ABD’de 25 Mayıs’ta polis şiddeti sonucu boğularak yaşamını yitiren George Floyd’un ölümüyle gündeme gelen ırkçılığın kökenlerinin çok eskiye dayandığını belirten Psikiyatrist Prof. Dr. Nevzat Tarhan Amerika’daki ırkçılığın sadece biyolojik değil ekonomik yönünün de olduğuna dikkat çekiyor. Biyolojik ırkçılığa herkes karşı ama ekonomik ırkçılığın sessizce onaylandığını belirten Tarhan, son olayda bu derecede ciddi tepkilerin yaşanmasının nedeninin ekonomik ırkçılık olduğunu kaydetti.
Üsküdar Üniversitesi Kurucu Rektörü Prof. Dr. Nevzat Tarhan, ABD’de George Floyd’un ölümüyle gündeme gelen ırkçılık ve ırkçılık psikolojisi hakkında değerlendirmelerde bulundu.
İnsanın bir temel kişilik gelişimi, bir de kimlik gelişimi olduğunu kaydeden Prof. Dr. Nevzat Tarhan, “Kimlik gelişimi, ırkçılık olarak tanımlanmaya çok müsaittir. Kimlik gelişimleri sosyal rollerdir. Bu sosyal rollerin sanki biyolojik rol olarak kabul edilmesidir ve bununla ilgili bir çeşit ayrımcılık yapılır. Irkçılık denildiğinde genellikle etnik ayrımcılık olan biyolojik ırkçılık olarak anlaşılıyor. Kişi hangi genetik havuza aitse kendi ırkını özel buluyor” dedi.
İnsanlık çok ağır bedeller ödedi
Irkçılık nedeniyle geçmişte çok acı olayların yaşandığını, insanlığın ağır bedeller ödediğini kaydeden Prof.

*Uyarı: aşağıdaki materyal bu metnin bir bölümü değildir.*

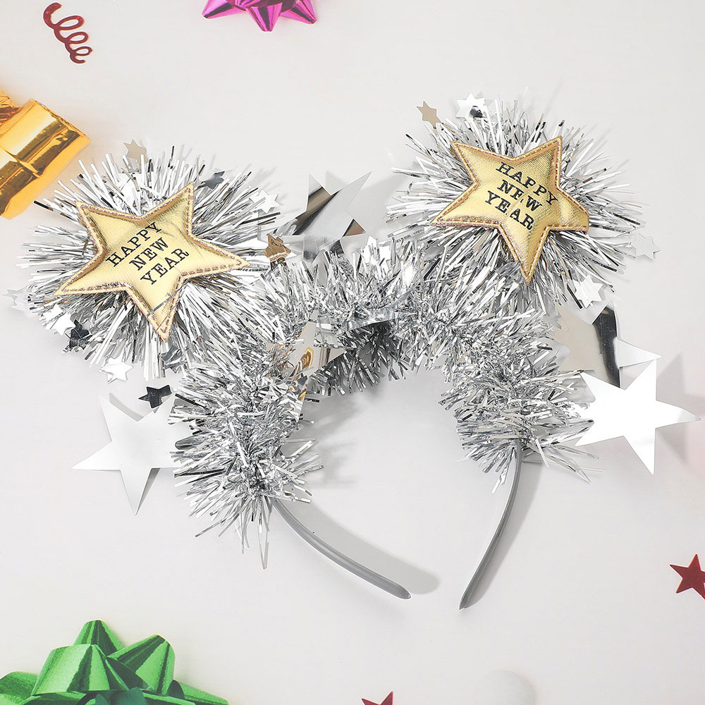 HAPPY NEW YEAR Star Embellished Festive Tinsel Headband

Dr. Nevzat Tarhan, “Irkçılığın ete kemiğe bürünmüş şekli Hitler’dir. Hitler ırkçı bir faşizm yapmıştır, kendi ırkını ari ırk olarak görmüştür. Daha sonra Türkler’e ve Japon’lara kültür taşıyıcıları demiştir. Fransızlara zencileşmekte olan ırk demiştir. Siyahi insanları da zaten gelişmemiş ırk olarak değerlendiriyordu hatta insan olarak kabul etmiyordu. Paris’te Eyfel Kulesi yakınlarına insanat bahçeleri kurulmuş. Hitler, Yahudilere de mantar ırk diyor. Bu ne anlama geliyor? İnsanın evinin bahçesinde mantar olduğu zaman söküp atar.Bunu ‘Kavgam’ kitabında Nazi doktrini olarak yazıyor ve o dönemde insanları buna ikna ediyor. O dönemde ırkçılığı ideoloji haline getiriyor. ‘Alman halkı üstündür, dünyaya hâkim olma hakları vardır’ iddiası ile ikinci dünya savaşını başlatıyor. Böylece de Batı medeniyeti ırkçılık meyvesini verdi. Bununla birinci ve ikinci dünya savaşlarını çıkardı. İkinci dünya savaşından sonra ırkçılık yanlışmış, insan haklarına aykırıymış diyerek 1948’de İnsan Hakları Evrensel Beyannamesi ilan edildi. Ama iki tane büyük bedel ödeyerek” dedi.